Lorsque les montants donnés sont communiqués, les entreprises précisent aussi à qui et à quoi sont particulièrement destinés les sommes versées. Les clubs de football le PSG ou l’OL ont annoncé des dons de plusieurs centaines de milliers d’euros auprès de différentes associations comme le Secours Populaire, en précisant bien à quoi serviront ces fonds : aux plus démunis touchés par le coronavirus.
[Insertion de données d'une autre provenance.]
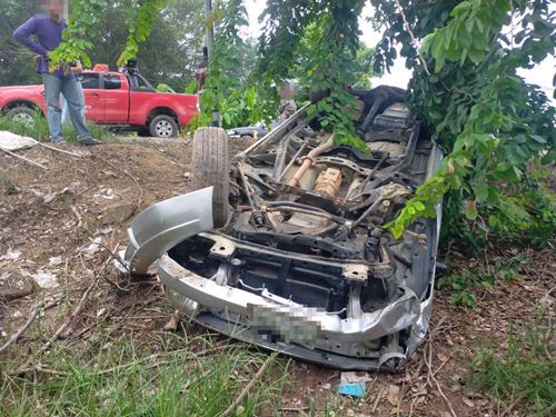กระบะถูกชนท้ายพุ่งลงข้างทาง หงายท้องชี้ฟ้า คนขับและผู้โดยสารปลอดภัย เชื่อบารมีเหรียญ “ครูบาคำหล้า” พาพ้นภัย!
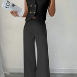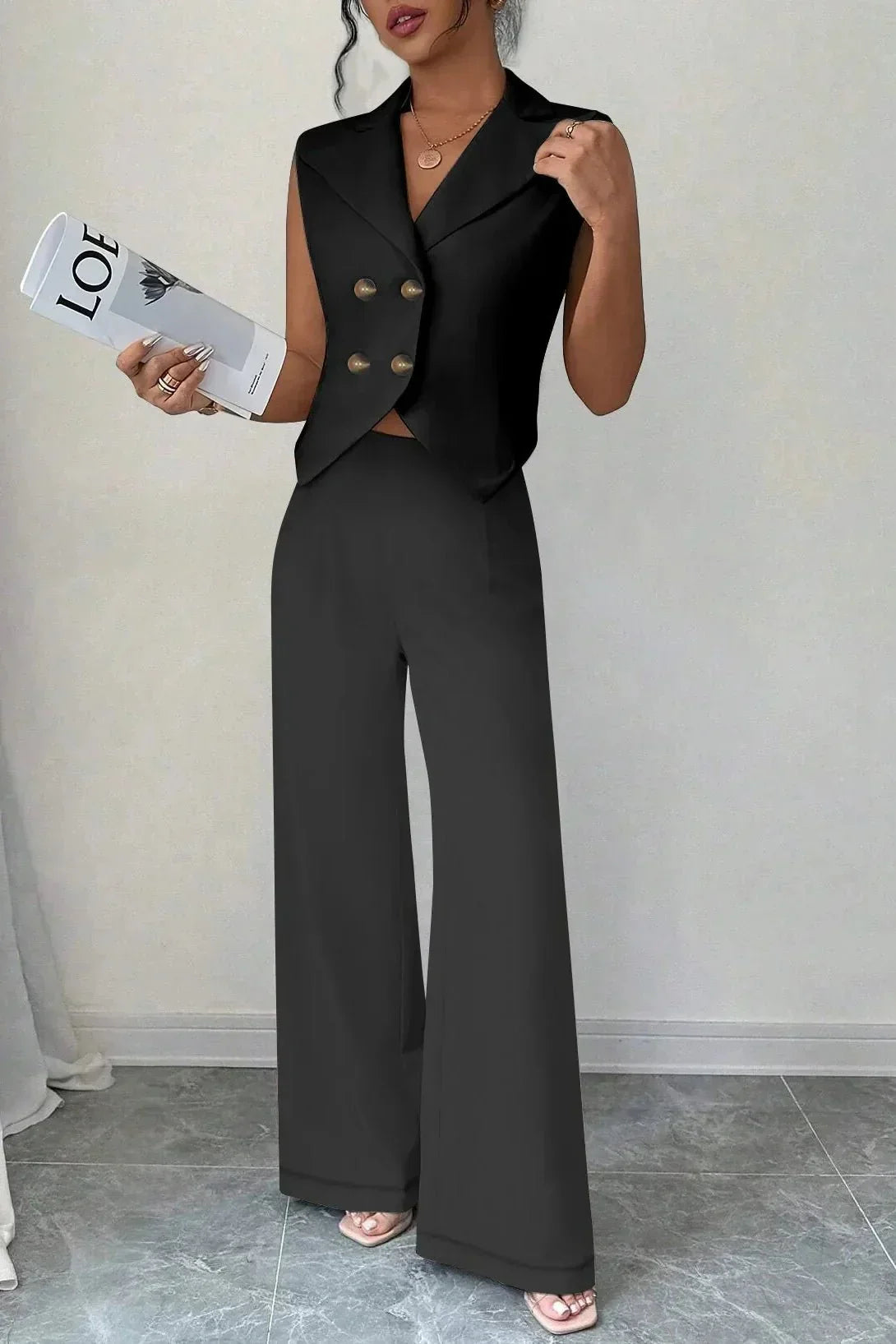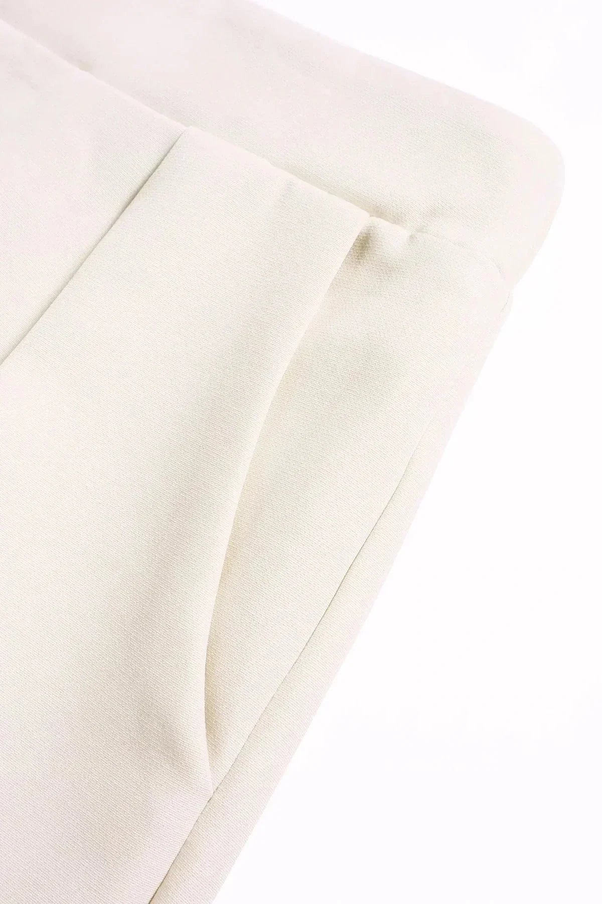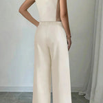 Birgitte | Dragt forener tidløs skræddersyn med moderne selvtillid. Sættet består af en robust ærmeløs vest med dekorative knapper og brede bukser, der sammen skaber en strømlinet, flatterende silhuet i en kremfarvet palette. Bellagio-præcision og omtanke for detaljer afspejler håndværk, kvalitet og en tidløs tilgang til design.

Plaidoyer et appel aux dons : des entreprises qui jouent collectif

Une initiative nommée #ProtegeTonSoignant a été lancée par un groupe d’entrepreneurs. Devant la lenteur des services publics une vingtaine de start-uppeurs, habitués à une gestion agile de l’entreprise, ont mis en place non seulement une campagne de crowdfunding sur Leetchi, mais assurent également les commandes et les livraisons de matériel aux hôpitaux en un temps record.

Certaines grandes entreprises ont aussi décidé de mobiliser leur communauté en faisant appel aux contributions des clients, des salariés et des followers de la marque. Ainsi Gucci a lancé une initiative de crowdfunding sur son site internet où la #GucciCommunity est appelée à faire un don auprès du Fonds de Solidarité pour l’OMS.  Relayant cet appel à la solidarité Gucci rappelle aussi les gestes barrières auprès de ses 70 millions d’abonnés. 

Les entreprises sollicitent également les clients à travers les achats de produits, ainsi Clarins s’engage à verser un euro au fonds Covid-19 pour chaque commande effectuée sur son site. Sézanne a mis en ligne une collection dont 10% des ventes seront directement reversés au fonds d’aide d’urgence des hôpitaux de France.